Set out the records below again exactly; skip the images.

[Data records]
══════════

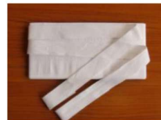
11 伊達巻 白(2m30cmポリエステル) ¥1,900
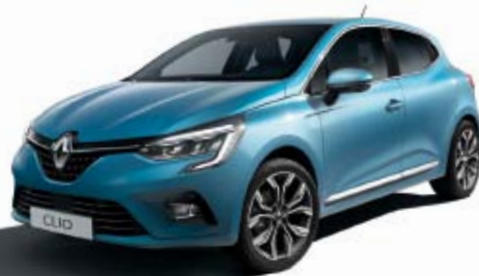
Bleu Celadon (TE)
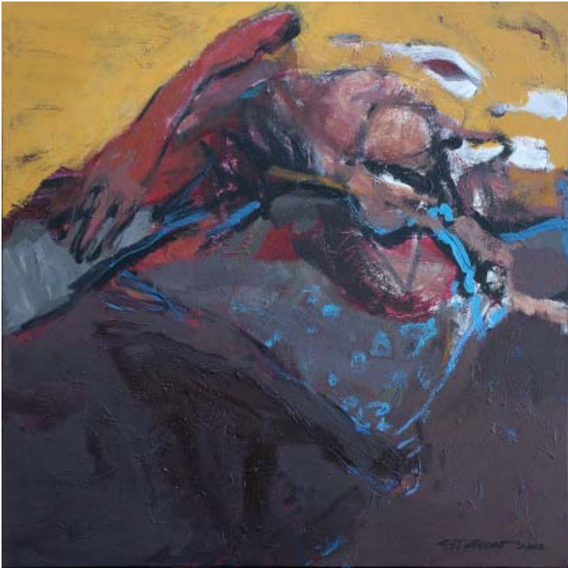
„Legend“, 2002, Öl/Leinwand, 100 x 100 cm
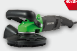
EBS 120 1400 Вт, 10000 об/хв. Ø 125 мм
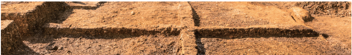
第10号竖穴建物跡掘方 土層断面 東から
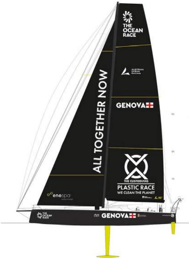
Team Genova, Austria Ocean Race
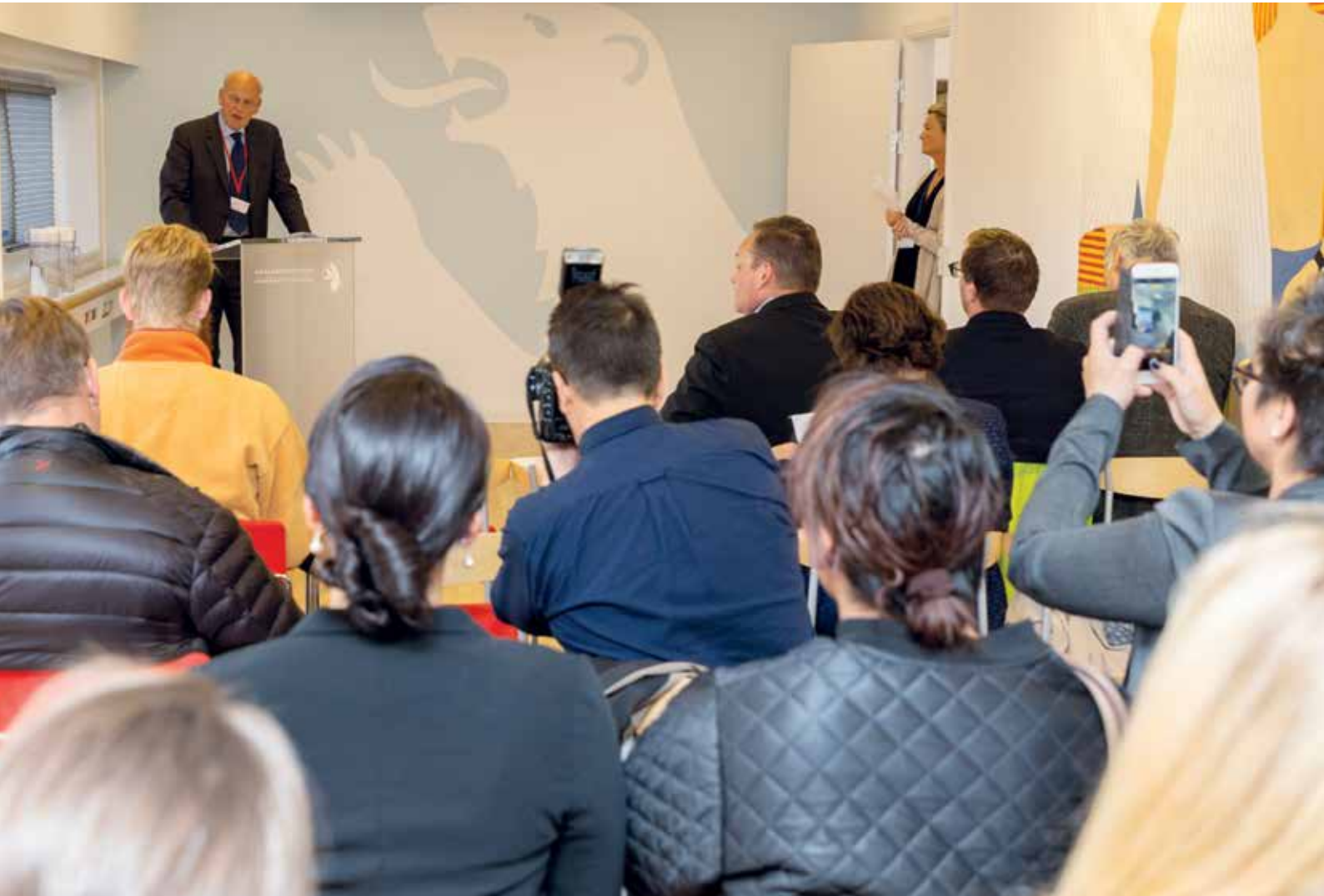
Præsident for Nordisk Råd Michael Tetzschner på pressemødet den 13. september.
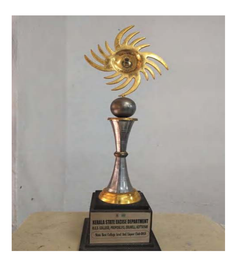
State Best College Level Anti Liquor Club from Kerala State Excise Department.
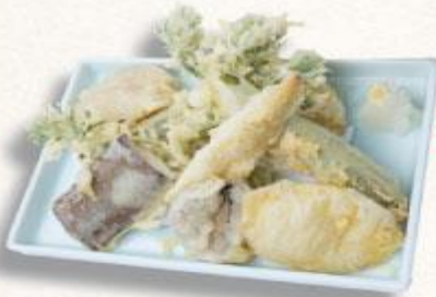
30 Tempura rau củ Yasaiten
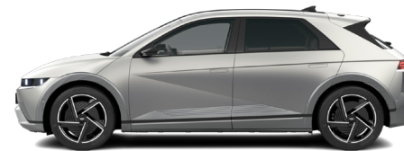
Gravity Gold Matte
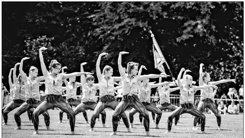
Die Aargauermeister Gymnastik Kleinfeld überzeugten mit ihrem gelungenen Programm.
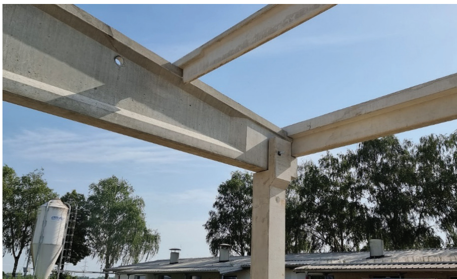
Slika 7. Naleganje robnega in sekundarnega nosilca na primarni dvokapni nosilec. Primarni nosilec nalega na steber.

Novozgrajeni objekt površine približno 4500 m 2 bo namenjen za sodobno prašičerejo.
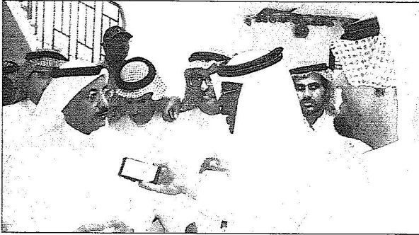
الوزير يتحدث لـ (اليوم)

إلزام شركة النقل الجماعي بتوفير سكن لذوي الضحايا وفود من السفارات تطمئن على المصابين وتتلقى العزاء
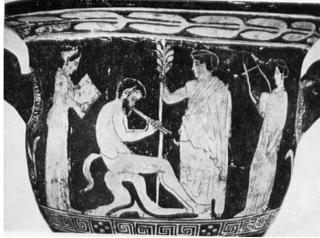
Şekil 2. Pothos ressamı (M.Ö. 410)- Marsyas, Apollo ve Museler. (Van Keer, 2004, s. 30. Fig. 6)
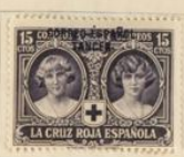
Infantes Maria Cristina y Beatriz
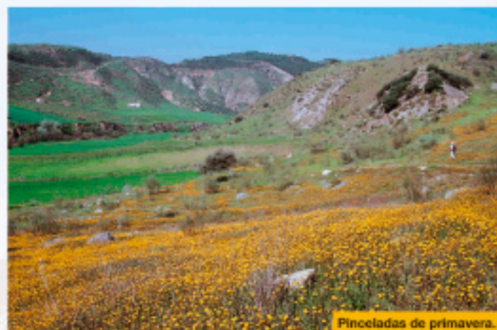
Pinceladas de primavera.
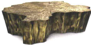
BOCA DO LOBO Eden. Tavolino in metallo simile a un ceppo
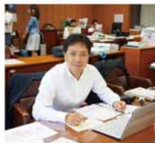
会派の幹事長に就任しました
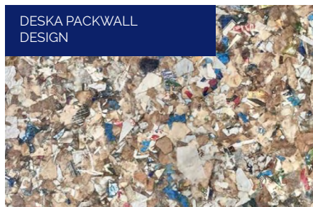
DESKA PACKWALL DESIGN

Na začátku celého procesu je oddělený sběr nápojových kartonů s co nejnižším obsahem věcí, které se do oranžových kontejnerů na tříděný odpad dostaly omylem – sklo, dřevo, kov apod. Následně jsou kartony od nápojů rozdrčeny, sušeny, za vysokých teplot a lisovány do desek a řezány na příslušné formáty. Desky jsou v podstatě kompozit, složený z celulózy, polyetylenu a hliníku (všechno součásti potravinářských kartonů), uzavřený mezi dvěma papírovými plochami.
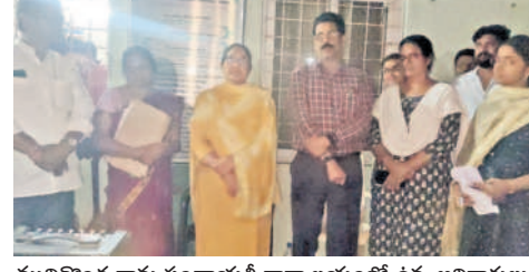
ముదిగొండ గ్రామ పంచాయతీ కార్యాలయంలో ఉన్న అధికారులు
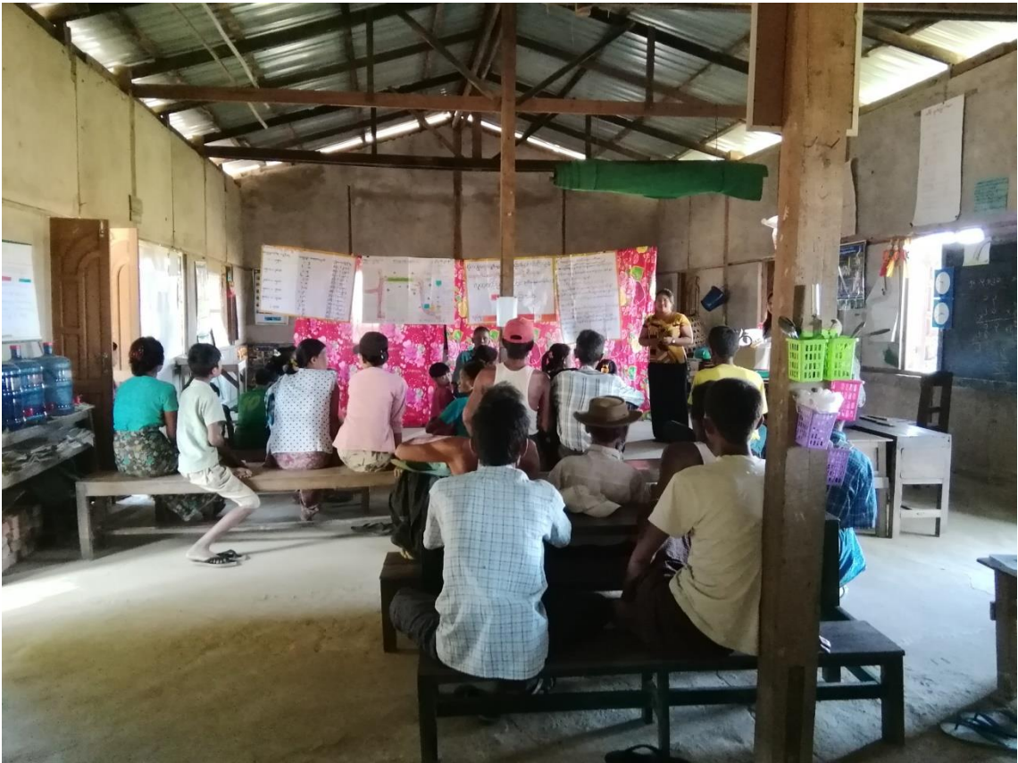
ပ+ဒု ကြိမ်ကျေးရွာအစည်းအဝေးကျင်းပနေပုံ
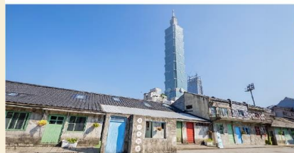
หมู่บ้านชื้อชื้อหนาน
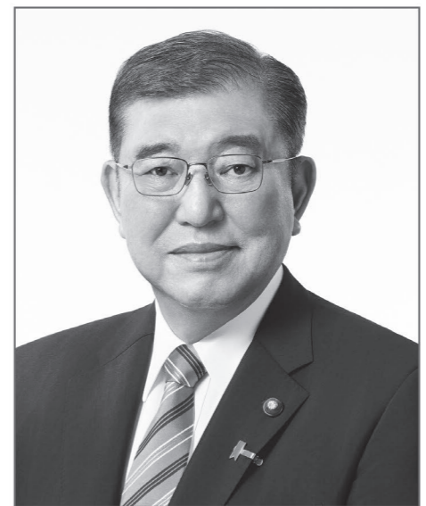
自由民主党総裁 石破 茂
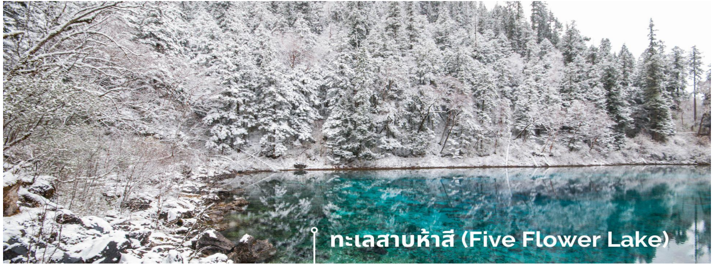
ทะเลสาบห้าสี (Five Flower Lake)

ให้เกิดสีสันต่างๆ นี้มาจากการสะสมของแร่ธาตุ และพีชน้ำชนิดต่างๆ โดยจะมีสีสันแตกต่างกันไปตามฤดูกาลและช่วงเวลา ยิ่งถ้ามาในช่วงฤดูหนาว ต้นไม้ริมทะเลสาบจะเต็มไปด้วยหิมะสีขาวตัดกับสีของทะเลสาบ ดูสวยงามแปลกตา
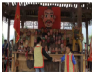
图 5 (小鬼勾指跳)
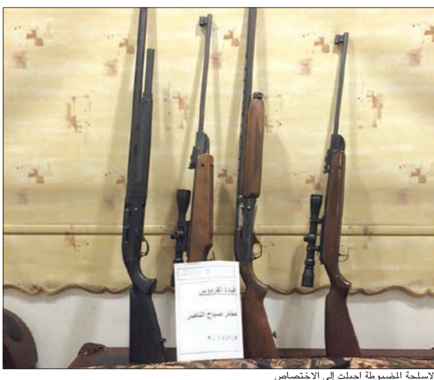
الاسلحة المضبوطة احيلت إلى الاختصاص
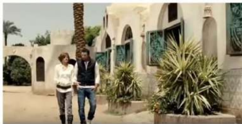
شكل (٢١) لقطات من فيلم "جدو حبيبي" ومواقع التصوير في الفيوم

https://www.youtube.com/watch?v=p63_z5P2vmc
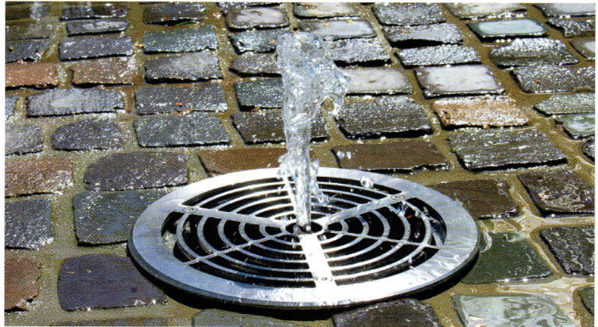
Wasserspiel: Trinkwassertrennstationen sind zwingend vorgeschrieben, wenn durch den Verwendungszweck eine Verkeimung des Trinkwassers über die Entnahmestelle befürchtet werden muss.

Die Diskussion um Schutz und Hygiene des Trinkwassers hat unter anderem dazu geführt, dass die Normen zum Absichern gegen Rückfließen und Rückverkeimung weiter konkretisiert und verschärft wurden. Da die Trinkwasser-Installationen nach den Wasserzählern in der Verantwortung der Hausanschlussnehmer liegen, sind alle Betreiber von Trinkwasseranlagen – kommunal oder gewerblich beziehungsweise industriell und auch privat – in der Pflicht, die gesetzlichen Vorgaben und Normen zu erfüllen.

══════════

*Answer area:*
11 伊達巻 白(2m30cmポリエステル) ¥1,900
Bleu Celadon (TE)
„Legend“, 2002, Öl/Leinwand, 100 x 100 cm
EBS 120 1400 Вт, 10000 об/хв. Ø 125 мм
第10号竖穴建物跡掘方 土層断面 東から
Team Genova, Austria Ocean Race
Præsident for Nordisk Råd Michael Tetzschner på pressemødet den 13. september.
State Best College Level Anti Liquor Club from Kerala State Excise Department.
30 Tempura rau củ Yasaiten
Gravity Gold Matte
Die Aargauermeister Gymnastik Kleinfeld überzeugten mit ihrem gelungenen Programm.
Slika 7. Naleganje robnega in sekundarnega nosilca na primarni dvokapni nosilec. Primarni nosilec nalega na steber.

Novozgrajeni objekt površine približno 4500 m 2 bo namenjen za sodobno prašičerejo.
الوزير يتحدث لـ (اليوم)

إلزام شركة النقل الجماعي بتوفير سكن لذوي الضحايا وفود من السفارات تطمئن على المصابين وتتلقى العزاء
Şekil 2. Pothos ressamı (M.Ö. 410)- Marsyas, Apollo ve Museler. (Van Keer, 2004, s. 30. Fig. 6)
Infantes Maria Cristina y Beatriz
Pinceladas de primavera.
BOCA DO LOBO Eden. Tavolino in metallo simile a un ceppo
会派の幹事長に就任しました
DESKA PACKWALL DESIGN

Na začátku celého procesu je oddělený sběr nápojových kartonů s co nejnižším obsahem věcí, které se do oranžových kontejnerů na tříděný odpad dostaly omylem – sklo, dřevo, kov apod. Následně jsou kartony od nápojů rozdrčeny, sušeny, za vysokých teplot a lisovány do desek a řezány na příslušné formáty. Desky jsou v podstatě kompozit, složený z celulózy, polyetylenu a hliníku (všechno součásti potravinářských kartonů), uzavřený mezi dvěma papírovými plochami.
ముదిగొండ గ్రామ పంచాయతీ కార్యాలయంలో ఉన్న అధికారులు
ပ+ဒု ကြိမ်ကျေးရွာအစည်းအဝေးကျင်းပနေပုံ
หมู่บ้านชื้อชื้อหนาน
自由民主党総裁 石破 茂
ทะเลสาบห้าสี (Five Flower Lake)

ให้เกิดสีสันต่างๆ นี้มาจากการสะสมของแร่ธาตุ และพีชน้ำชนิดต่างๆ โดยจะมีสีสันแตกต่างกันไปตามฤดูกาลและช่วงเวลา ยิ่งถ้ามาในช่วงฤดูหนาว ต้นไม้ริมทะเลสาบจะเต็มไปด้วยหิมะสีขาวตัดกับสีของทะเลสาบ ดูสวยงามแปลกตา
图 5 (小鬼勾指跳)
الاسلحة المضبوطة احيلت إلى الاختصاص
شكل (٢١) لقطات من فيلم "جدو حبيبي" ومواقع التصوير في الفيوم

https://www.youtube.com/watch?v=p63_z5P2vmc
Wasserspiel: Trinkwassertrennstationen sind zwingend vorgeschrieben, wenn durch den Verwendungszweck eine Verkeimung des Trinkwassers über die Entnahmestelle befürchtet werden muss.

Die Diskussion um Schutz und Hygiene des Trinkwassers hat unter anderem dazu geführt, dass die Normen zum Absichern gegen Rückfließen und Rückverkeimung weiter konkretisiert und verschärft wurden. Da die Trinkwasser-Installationen nach den Wasserzählern in der Verantwortung der Hausanschlussnehmer liegen, sind alle Betreiber von Trinkwasseranlagen – kommunal oder gewerblich beziehungsweise industriell und auch privat – in der Pflicht, die gesetzlichen Vorgaben und Normen zu erfüllen.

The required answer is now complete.